In both experiments, the participants’ left-hand task was to pull or push the joystick until the end of the full motion range of the joystick (4.5 cm forward or backward) as fast and accurately as possible according to the spatial arrangement of the double line stimuli (see Fig. 1). Half of the participants responded according to the relative spatial location of the thin line (e.g., move the hand forwards if the thin line is above the thick line and backward if it is below the thick line) while half of the participants responded according to the relative location of the thick line. The joystick was always returned to the central starting position after the response. The joystick was attached steadily onto the table and located between the participant and the monitor, 30 cm away from the monitor. It was positioned horizontally 10 cm to the left of the center of the monitor.
In Experiment 1, the right hand responses were performed with the scissors (see Fig. 1) by opening or closing them at the same time with the left hand response. The scissors were equipped with two microswitches from which one registered the opening of the scissors and the other registered the closing of them. The scissors were opened and closed by the handles using index and middle finger in the one handle and the thumb in the other handle. The grip opening versus closure was performed according to the color of the double line stimulus (e.g., blue for the opening and green for the closing). The microswitches of the scissors were marked with color tapes that corresponded to the required color-movement mapping arrangements. After the opening/closure response was executed, the participants were required to return the scissors back to the half open position. Two scissor blades were attached by a screw (see Fig. 1), and twisting this screw enabled manipulating stiffness of the closing movement. When the screw was loose, there was no tactually observable resistance in the closing movement. The extent that the screw was tightened defined the extent of the resistance of the closing movement as well as at which point of the closing movement, from fully open to fully close, the resistance began. Stiffness of the scissors was adjusted so that they provided tactually observable resistance at the point from which there was approximately equal motion range (2 cm) toward the maximal open and the maximal close position of the scissors.

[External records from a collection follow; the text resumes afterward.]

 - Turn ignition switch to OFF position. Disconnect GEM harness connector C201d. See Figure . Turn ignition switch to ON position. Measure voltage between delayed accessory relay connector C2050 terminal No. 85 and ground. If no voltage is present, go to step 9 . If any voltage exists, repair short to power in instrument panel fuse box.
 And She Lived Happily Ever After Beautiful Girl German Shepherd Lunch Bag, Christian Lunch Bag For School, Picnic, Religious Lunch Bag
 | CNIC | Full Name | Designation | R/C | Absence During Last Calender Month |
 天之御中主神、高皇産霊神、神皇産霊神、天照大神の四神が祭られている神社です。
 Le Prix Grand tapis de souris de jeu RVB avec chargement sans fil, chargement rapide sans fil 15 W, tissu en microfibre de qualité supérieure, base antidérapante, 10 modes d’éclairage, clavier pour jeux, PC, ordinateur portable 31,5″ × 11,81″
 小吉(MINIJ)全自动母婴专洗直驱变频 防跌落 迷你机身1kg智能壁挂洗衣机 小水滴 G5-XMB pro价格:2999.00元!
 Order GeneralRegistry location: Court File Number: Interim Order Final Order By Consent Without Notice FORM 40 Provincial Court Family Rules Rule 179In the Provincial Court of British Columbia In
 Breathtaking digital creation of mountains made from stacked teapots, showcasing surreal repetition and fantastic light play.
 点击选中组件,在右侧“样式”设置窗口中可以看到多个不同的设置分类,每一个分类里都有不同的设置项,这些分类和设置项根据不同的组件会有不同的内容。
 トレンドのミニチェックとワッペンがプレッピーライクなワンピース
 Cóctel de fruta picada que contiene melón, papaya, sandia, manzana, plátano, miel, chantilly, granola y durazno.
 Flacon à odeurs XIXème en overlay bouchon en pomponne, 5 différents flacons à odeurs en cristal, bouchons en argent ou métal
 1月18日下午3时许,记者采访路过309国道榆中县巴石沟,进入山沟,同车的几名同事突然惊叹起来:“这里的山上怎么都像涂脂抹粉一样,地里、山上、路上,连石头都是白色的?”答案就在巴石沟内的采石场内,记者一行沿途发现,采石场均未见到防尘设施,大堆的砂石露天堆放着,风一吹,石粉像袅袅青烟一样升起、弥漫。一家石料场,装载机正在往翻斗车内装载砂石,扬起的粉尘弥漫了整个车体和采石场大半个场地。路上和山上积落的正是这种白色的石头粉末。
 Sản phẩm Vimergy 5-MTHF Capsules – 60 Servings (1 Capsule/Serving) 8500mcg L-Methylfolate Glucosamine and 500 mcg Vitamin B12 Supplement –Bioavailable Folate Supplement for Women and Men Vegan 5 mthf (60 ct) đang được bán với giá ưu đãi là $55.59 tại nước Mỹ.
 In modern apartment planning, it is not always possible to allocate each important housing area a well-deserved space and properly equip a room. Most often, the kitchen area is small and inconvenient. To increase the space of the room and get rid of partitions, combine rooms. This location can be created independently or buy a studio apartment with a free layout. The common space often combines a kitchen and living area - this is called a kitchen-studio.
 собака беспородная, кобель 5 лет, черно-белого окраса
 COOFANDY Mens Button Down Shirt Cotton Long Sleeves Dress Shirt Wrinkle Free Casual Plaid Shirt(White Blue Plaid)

In Experiment 2, the right-hand responses were performed with the precision (1 × 1 × 0.7 cm) and power (10 cm long, 3 cm diameter) grip devices (see Fig. 1) by pressing one of the devices at the same time with the left hand response. The devices were equipped with an inlaid microswitch. As the switches were depressed in each device, there was noticeable tactile feedback. The participants were required to perform the precision or power grip response according to the color of the stimulus (e.g., blue for the precision grip and green for the power grip). The grip devices were marked with corresponding color tapes that corresponded to the required color-grip mapping arrangements. The grip task and the devices were adapted from the study reported by Tucker and Ellis (2001) and Vainio et al. (2008). Because both of the grip devices were held in the right hand, the contribution of the index finger—typically also involved in the power grip—was missing in the power grip task, which had to be executed using the little, ring and middle finger. Otherwise these grip actions were performed exactly in the way they are normally performed (see the descriptions in the Introduction).
The color-movement (Experiment 1) and color-grip (Experiment 2) mapping was balanced so that approximately half of the participants performed closing/precision action for the blue color, while rest of the participants performed closing/precision action for the green color, in both of the joystick response arrangements that determined push–pull responses according to the relative spatial location of the thin or thick line. In addition, in both experiments, the right hand was resting on the arm of an armchair while holding the devices.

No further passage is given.